Mārtiņš Rocēns
- Country (sports): Latvia
- Born: 9 April 2000 (age 26) Riga, Latvia
- Height: 1.85 m (6 ft 1 in)
- Plays: Right-handed (two-handed backhand)
- College: NC State
- Prize money: $5,398

Singles
- Career record: 1–0 (at ATP Tour level, Grand Slam level, and in Davis Cup)
- Career titles: 0
- Highest ranking: No. 1,318 (12 August 2024)
- Current ranking: No. 1,444 (2 March 2025)

Doubles
- Career record: 1–1 (at ATP Tour level, Grand Slam level, and in Davis Cup)
- Career titles: 0
- Highest ranking: No. 1,117 (12 August 2024)
- Current ranking: No. 1,548 (2 March 2025)

= Mārtiņš Rocēns =

Latvian tennis player (born 2000)

Mārtiņš Rocēns (born 9 April 2000) is a Latvian tennis player.

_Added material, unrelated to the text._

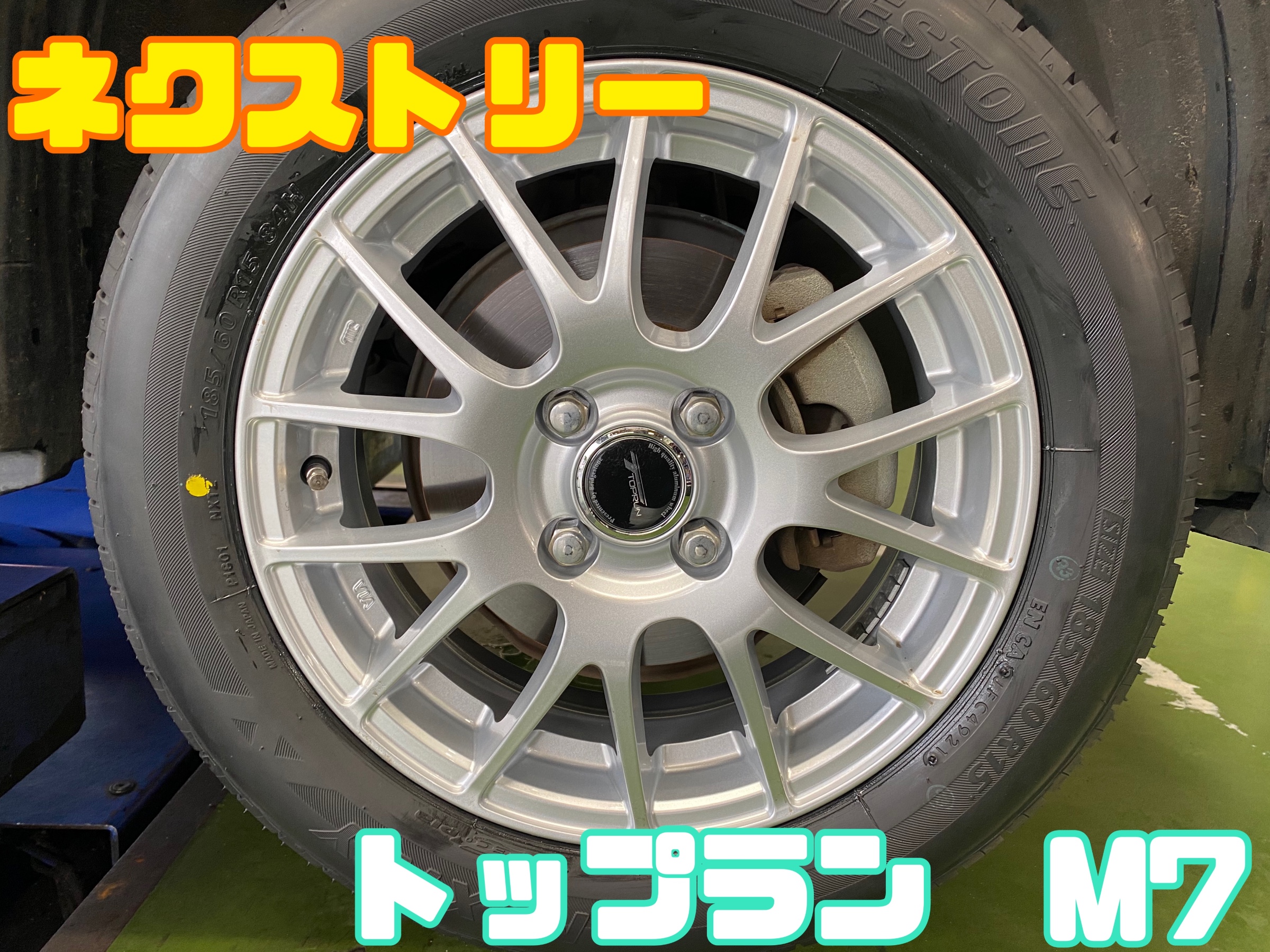 今回のタイヤはネクストリーというベーシックタイヤになっております。ブリヂストンの7つの性能、低燃費性能・ライフ性能・ドライ性能・ウェット性能・直進安定性・静粛性・乗り心地性などがバランスよくとれたタイヤになっております。

Rocēns has a career high ATP singles ranking of 1482 achieved on 8 August 2022. He also has a career high ATP doubles ranking of 1367 achieved on 15 August 2022.

Rocēns represents Latvia at the Davis Cup, where he has a W/L record of 2–1. He also plays college tennis at NC State University.